The default login shell on the ESMF is Bash. Add these lines to your default standard shell file .bashrc, or .profile:

alias bsrc="source ${HOME}/.bashrc"  
alias cp='cp -i' # -i = inquire  
alias cvc='cvs commit -m ""'  
alias cvu='cvs update -kk'  
alias env='env | sort | more'  
alias h='history'  
alias ls='ls -F' # -F = mark directories with /, links with @, etc.  
alias m='less'  
alias make='gmake'  
alias mv='mv -i' # -i = inquire  
alias rm='rm -i' # -i = inquire  
alias scp='scp -C' # -p = preserve mode, time, -C = enable compression  
alias tar='gtar'  
export CVS_RSH='ssh'  
export CVSUMASK='002' # Default file permissions for CVS  
export HOST=`/bin/hostname`  
export NETCDF_INC='/usr/local/include'  
export NETCDF_LIB='/usr/local/lib'  
export PS1='\u@\h:\w\$ ' # Prompt user@host:cwd$ NeR98 p. 71 NB: single quotes

Many ESMF users will want to run models, such as CCSM, which use C Shell scripts.
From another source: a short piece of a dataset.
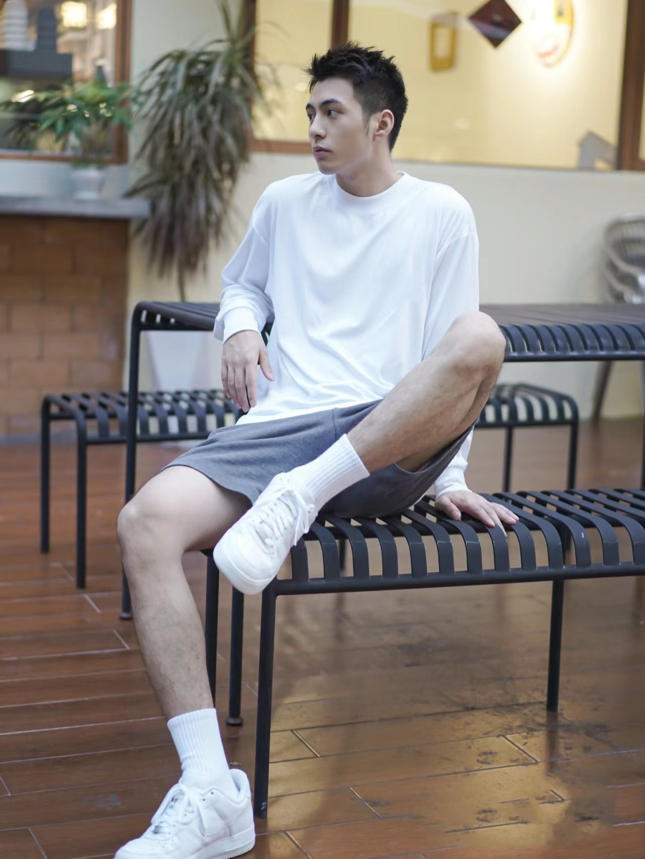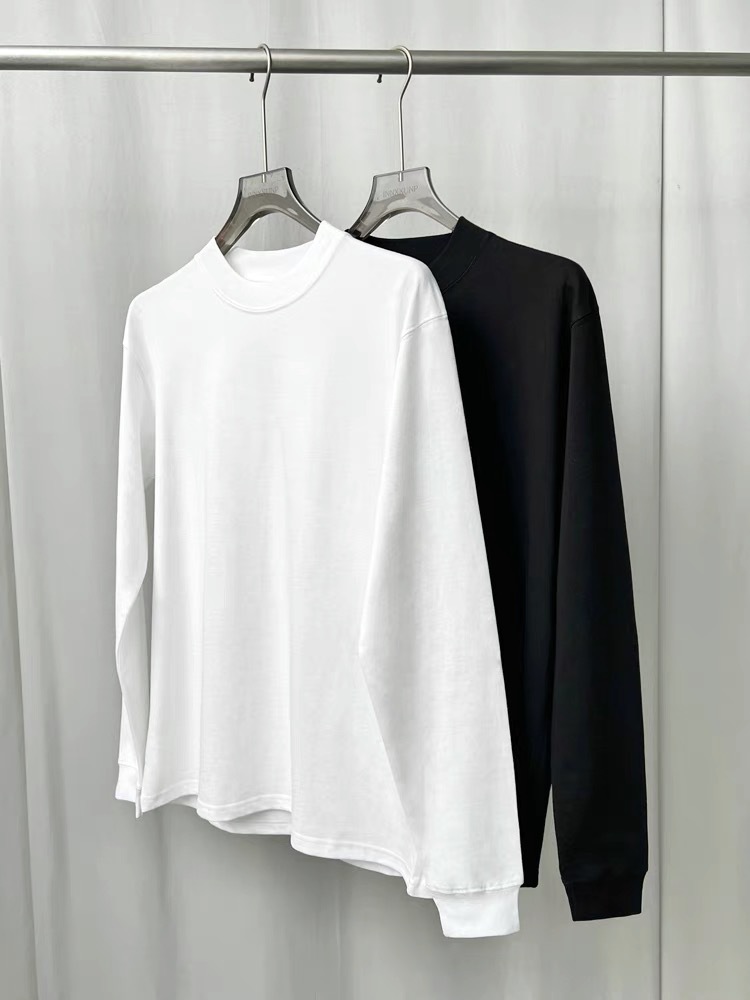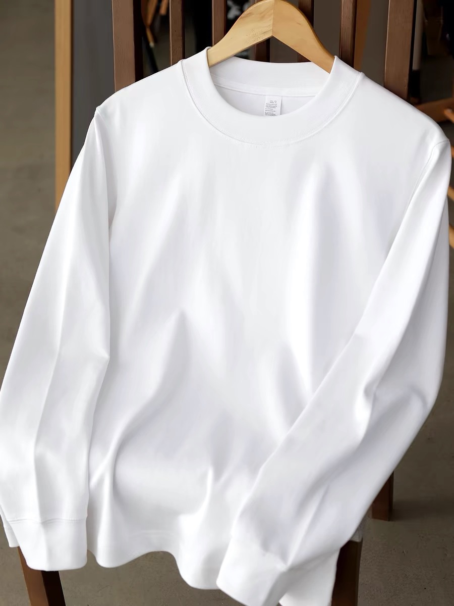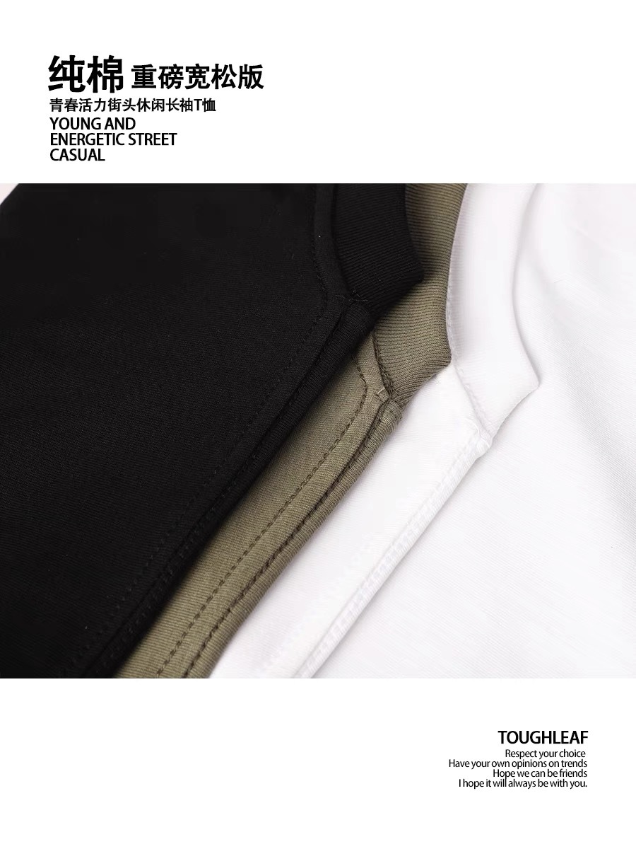 가을/겨울 새로운 무거운면 360g 단색 실 긴 소매 티셔츠 남성용 둥근 목 느슨한 바닥 셔츠 남성복스토어 가기
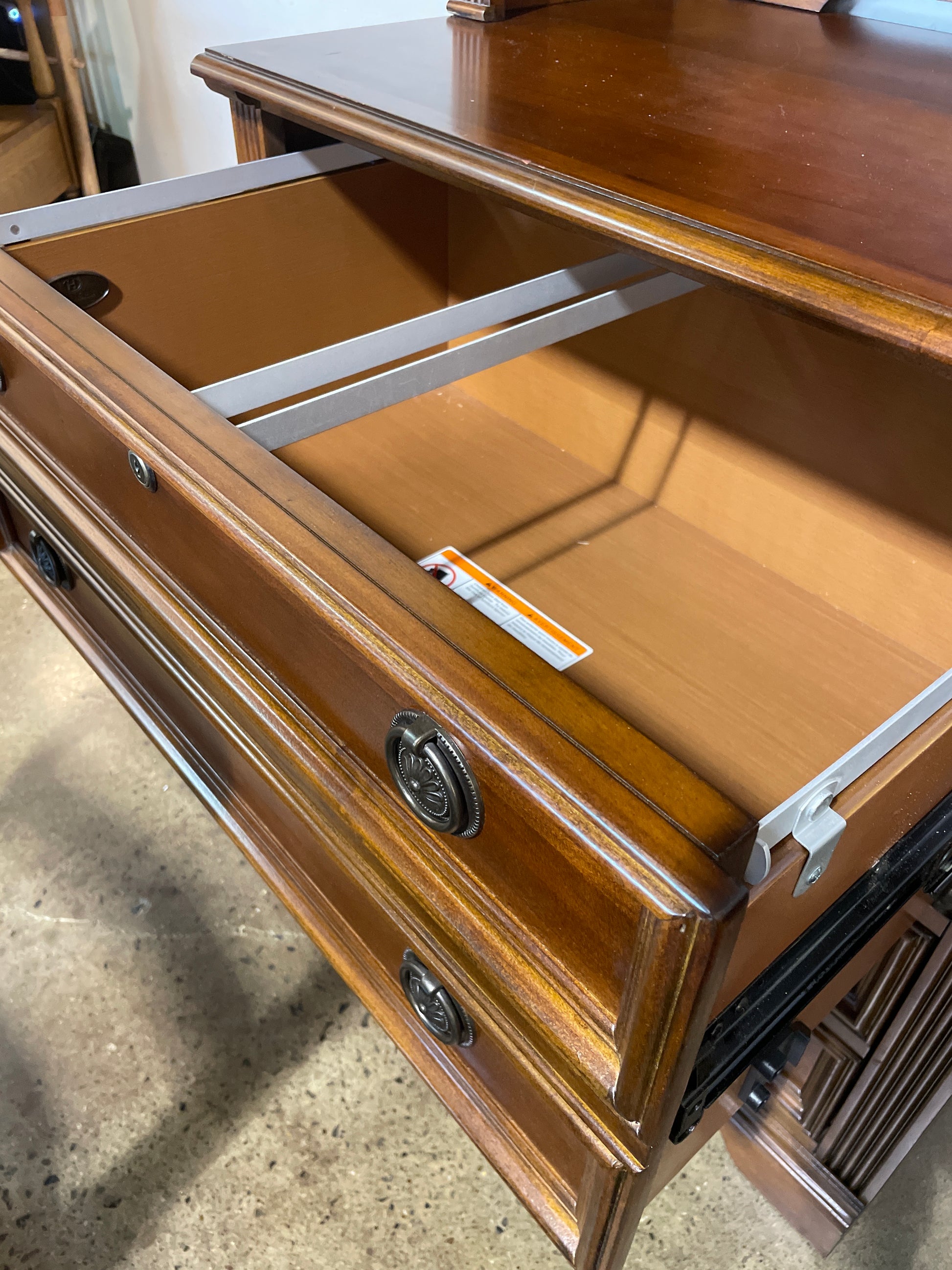 Stately, striking and stylish, the Brookhaven Lateral File is a class act that is packed with function. Timeless design details like a warm casual cherry finish and bronze-finished medallion-shaped ring-and-pull hardware combine with the storage features of two locking file drawers with a Pendaflex letter/legal file system on metal ball bearing slides, levelers and an anti-tilt mechanism. The Brookhaven Collection is crafted from hardwood solids with cherry veneers. It features a distressed medium clear cherry finish.

For these scripts to work in batch mode, users must have a valid .cshrc file as well.

alias csrc "source ${HOME}/.cshrc"  
alias cp 'cp -i' # -i = inquire  
alias cvc 'cvs commit -m ""'  
alias cvu 'cvs update -kk'  
alias env 'env | sort | more'  
alias h 'history'  
alias ls 'ls -F' # -F = mark directories with /, links with @, etc.  
alias m 'less'  
alias make 'gmake'  
alias mv 'mv -i' # -i = inquire  
alias rm 'rm -i' # -i = inquire  
alias scp 'scp -p -C' # -p = preserve mode, time, -C = enable compression  
alias tar 'gtar'  
setenv CVS_RSH 'ssh'  
setenv CVSUMASK '002'  
setenv HOST `/bin/hostname`  
setenv NETCDF_INC '/usr/local/include'  
setenv NETCDF_LIB '/usr/local/lib'  
set prompt=${USER}@${HOST}:${cwd}\$" "
Users with a .login file in their home directory should ensure that it executes error free.

Alternatively, users can change their login shell to csh or tcsh vis the standard ESMF procedure

ssh esmfcws  
passwd -s

3 Models

This section describes how to install and run some of the various climate, chemical, and biogeochemical models for which the ESMF is designed.

3.1 CCSM Component Models

This section documents how to install and run the component models which compose the fully coupled NCAR CCSM (Community Climate System Model). Running the fully coupled CCSM itself is described in Section  3.2. First we describe the preliminary system modifications common to all CCSM component models.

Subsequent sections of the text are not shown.